How to detect text duplicates with Django
Our feedback on cleaning a bunch of documents with PostgreSQL
This article is a part of a series on the making of “Islam, media subject”, a study on the perception of Islam by french national daily newspapers. You can read our first published article here.
When we realized our “Islam, media subject” study we observed that newspapers tended to publish articles having an identical (or almost identical) content. This can be explained by many reasons: an article published in a newpaper’s different editions (like “Africa”, “Asia”, “Europe”, et cetera), a human mistake, or even a bug from the website/archive the article was retrieved from.
But, as we explained in our first article, this small study heavily relies on words/terms occurrences counting. So we figured that those articles’ duplicates would taint our results by making some terms artificially more important than others and, therefore, that they had to be removed.
In this article, I first want to share with you the major errors we made trying to detect and remove those duplicates, so you can avoid them. And after that, I will explain the final solution we chose and how we tweaked it to make it work faster. But first, let me explain our initial setup.
To clarify a bit the next parts of this article let’s see how we defined articles: In our application an Article is an object with a date (the day of its publication) with an headline, an URL, a textual content and, finally, a newspaper of origin (represented in a different class).
Now that we defined those articles, let’s see how not to detect duplicates among them.
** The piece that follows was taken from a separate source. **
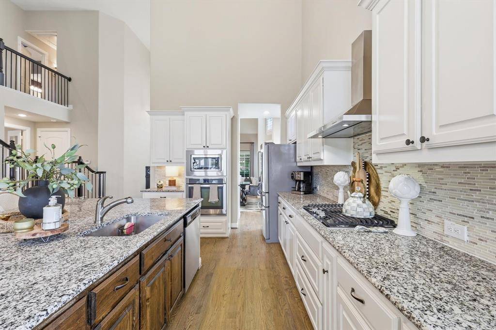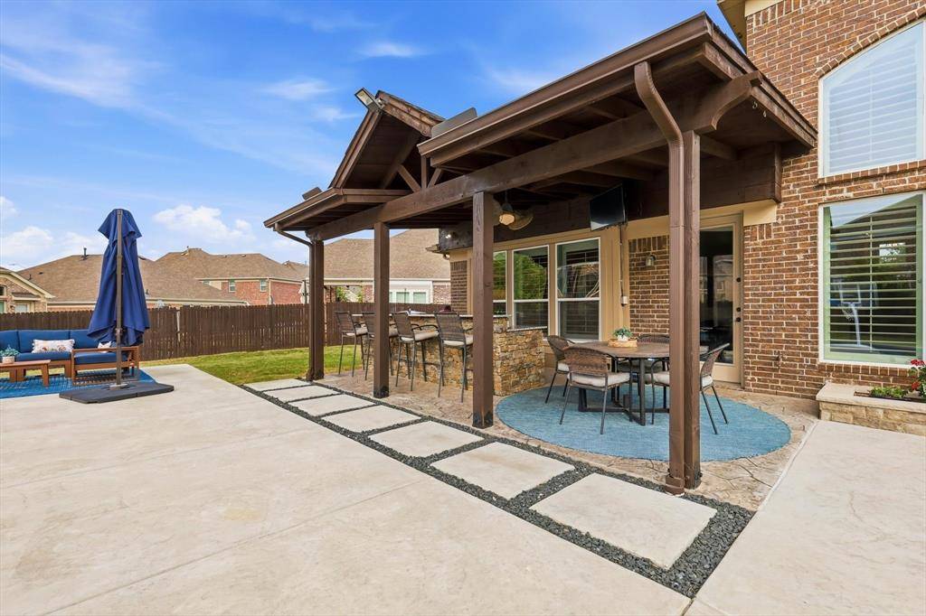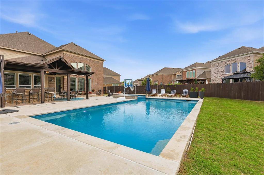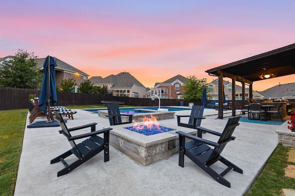 Nestled on an oversized cul de sac lot in a quiet, established neighborhood, this home offers a rare combination of privacy, space, and resort style outdoor living. The uniquely shaped lot is one of the largest in the community, creating an expansive backyard retreat designed for both entertaining and everyday enjoyment. The outdoor living space features a heated in ground pool with attached spa, recently updated equipment, and multiple areas to relax or gather. A covered patio with built in outdoor kitchen with ample bar seating allows for year round entertaining, while the firepit and open yard space create the perfect setting for evenings under the stars and weekend smore gatherings.

How not to detect duplicates
1. The Django “grouping”
Since we were using Django, we first tried to rely on a “django-only” solution (like bellow) by using the Django grouping mechanism and group articles based on their title and date.
Indeed, an article having the same title, in the same newspaper published the same day as another article should be a duplicate, right? Well not exactly. For instance, we saw that newspapers tended to create specific headlines that were being reused among articles with different content (like on situations reports, LIVE articles, et cetera).
Moreover, with this approach, we may miss potential duplicates because if two headlines have punctuation differences or case changes they won’t be detected as duplicates.
Finally, if a legit duplicated article is published on a different day it won’t be detected as a duplicate either.
2. The “PARTITION BY”
At this point, we were pretty sure that we needed to do some grouping on content field itself in order to detect duplicates. But we needed to get rid of the variations occurring on this field and created an SQL query for that.
Here, the “row_number() OVER (PARTITION BY”, is what does the job. It counts the number of rows having the same “homogenized” content and returns the duplicated IDs. And it worked for numerous articles.
But then the obvious truth appeared before us and took our whole sight: duplicated articles can have more than punctuation or case changes. Words or sentences could be added/deleted, orthography could change, et cetera. And this technique couldn’t handle it. Even a single letter change (like a typo fix) wouldn’t be detected.
The right way to detect duplicates
Grouping will never be the right technique to detect duplicates and it took us an eternity to realize it. A thousand face-palms later, we started to look for the right way to detect duplicates by detecting similarities between texts.
Use similarity detection
We were relieved to find out that this problem had already been solved in PostgreSQL by the (rightly named) similarity function (located in pg_tgrm module). This function works by creating tri-grams of characters on the text it receives as an argument. Then it compares created tri-grams together to detect similarities between texts with a similarity score (between zero and one).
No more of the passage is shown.